## Dataset records

:::

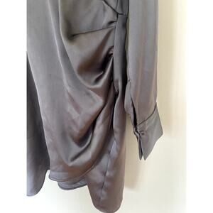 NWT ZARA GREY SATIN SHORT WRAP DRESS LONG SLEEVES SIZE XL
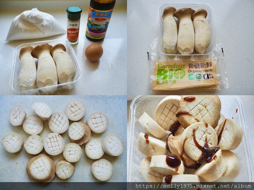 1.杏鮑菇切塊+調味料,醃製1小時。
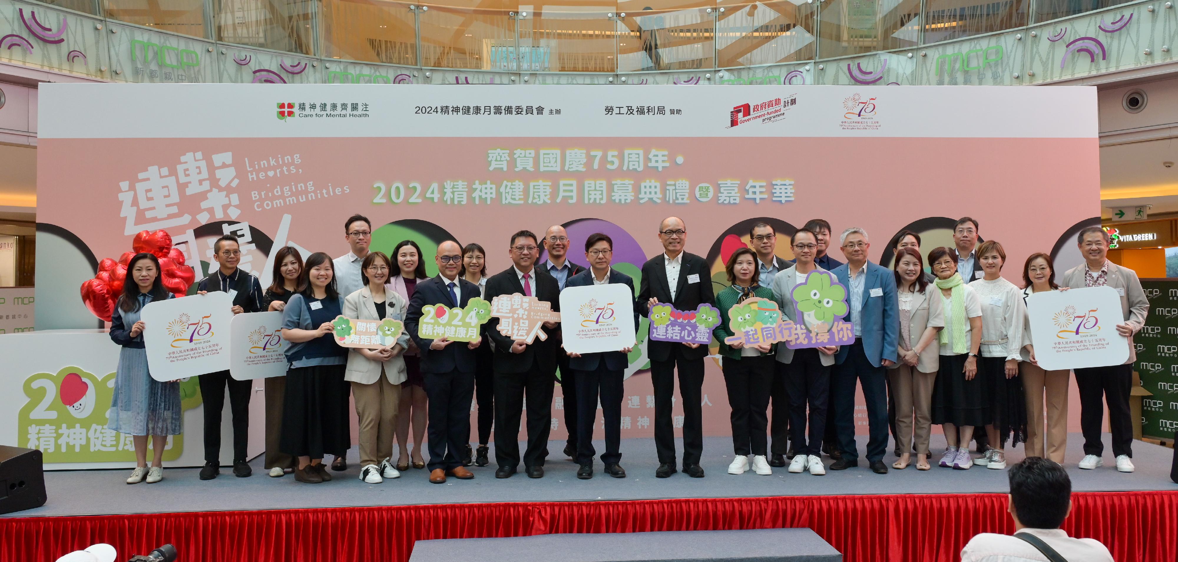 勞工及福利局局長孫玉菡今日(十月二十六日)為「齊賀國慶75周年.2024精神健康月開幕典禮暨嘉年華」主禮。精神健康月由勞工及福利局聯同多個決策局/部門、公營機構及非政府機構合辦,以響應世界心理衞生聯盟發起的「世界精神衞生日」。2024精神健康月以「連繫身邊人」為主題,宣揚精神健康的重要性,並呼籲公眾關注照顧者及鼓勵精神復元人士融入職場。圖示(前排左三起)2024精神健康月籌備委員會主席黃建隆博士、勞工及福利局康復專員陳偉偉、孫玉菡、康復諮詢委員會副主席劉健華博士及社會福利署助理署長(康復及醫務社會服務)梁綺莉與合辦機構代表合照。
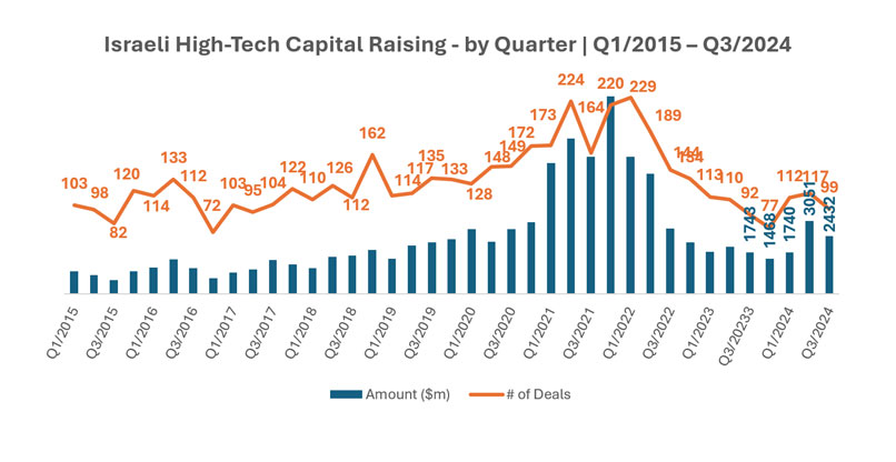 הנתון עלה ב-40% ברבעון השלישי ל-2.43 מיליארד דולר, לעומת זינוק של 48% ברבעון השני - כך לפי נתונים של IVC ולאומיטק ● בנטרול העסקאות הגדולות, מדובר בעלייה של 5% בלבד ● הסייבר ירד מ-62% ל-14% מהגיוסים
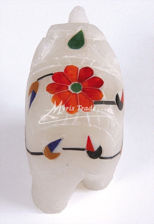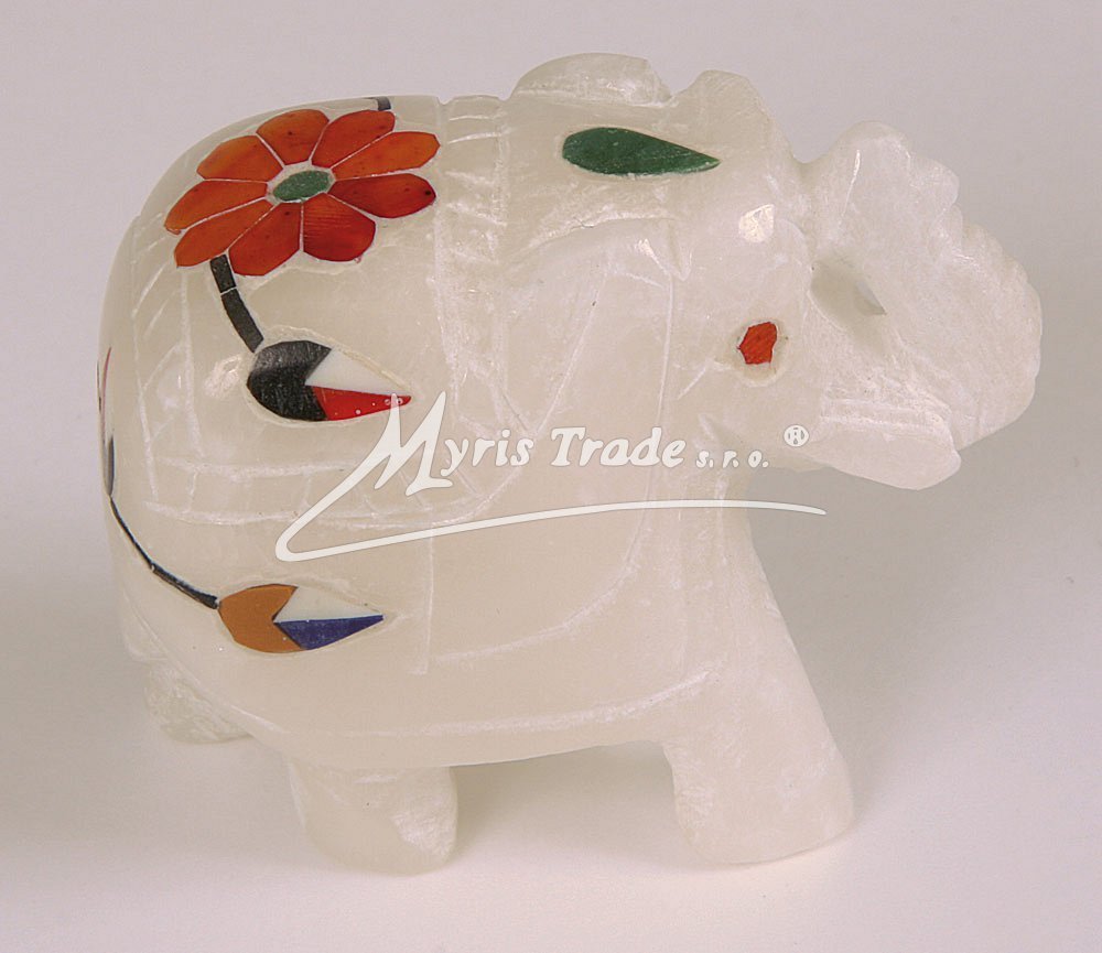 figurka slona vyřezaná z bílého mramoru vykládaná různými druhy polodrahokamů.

:::

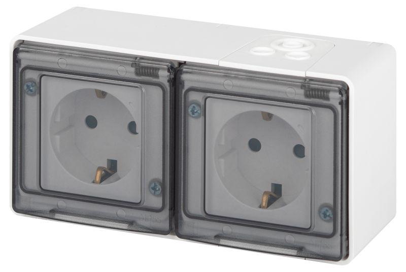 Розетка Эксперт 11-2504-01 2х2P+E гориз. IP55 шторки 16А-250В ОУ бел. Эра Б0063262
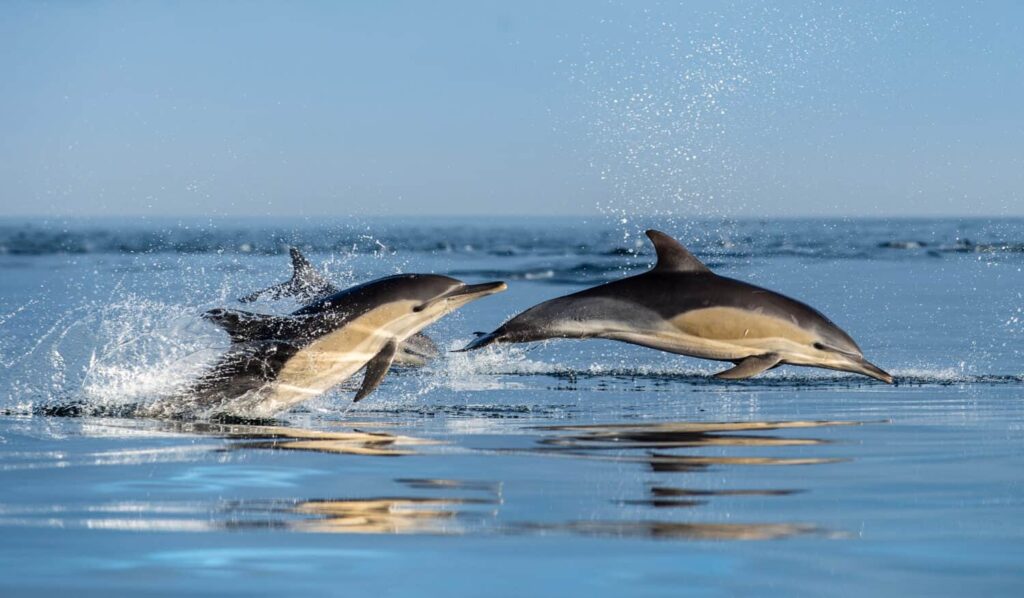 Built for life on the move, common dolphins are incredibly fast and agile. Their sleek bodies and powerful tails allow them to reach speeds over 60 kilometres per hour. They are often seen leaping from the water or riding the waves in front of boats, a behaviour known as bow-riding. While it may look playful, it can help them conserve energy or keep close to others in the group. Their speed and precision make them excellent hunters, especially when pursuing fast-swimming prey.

:::

## Instructions to follow
Look back over the records above. Reproduce exactly everything from the line with "NWT ZARA GREY" down to the line with "figurka slona vyřezaná", inclusive, and leave the pictures out.

## Exercise answer
 NWT ZARA GREY SATIN SHORT WRAP DRESS LONG SLEEVES SIZE XL
 1.杏鮑菇切塊+調味料,醃製1小時。
 勞工及福利局局長孫玉菡今日(十月二十六日)為「齊賀國慶75周年.2024精神健康月開幕典禮暨嘉年華」主禮。精神健康月由勞工及福利局聯同多個決策局/部門、公營機構及非政府機構合辦,以響應世界心理衞生聯盟發起的「世界精神衞生日」。2024精神健康月以「連繫身邊人」為主題,宣揚精神健康的重要性,並呼籲公眾關注照顧者及鼓勵精神復元人士融入職場。圖示(前排左三起)2024精神健康月籌備委員會主席黃建隆博士、勞工及福利局康復專員陳偉偉、孫玉菡、康復諮詢委員會副主席劉健華博士及社會福利署助理署長(康復及醫務社會服務)梁綺莉與合辦機構代表合照。
 הנתון עלה ב-40% ברבעון השלישי ל-2.43 מיליארד דולר, לעומת זינוק של 48% ברבעון השני - כך לפי נתונים של IVC ולאומיטק ● בנטרול העסקאות הגדולות, מדובר בעלייה של 5% בלבד ● הסייבר ירד מ-62% ל-14% מהגיוסים
 figurka slona vyřezaná z bílého mramoru vykládaná různými druhy polodrahokamů.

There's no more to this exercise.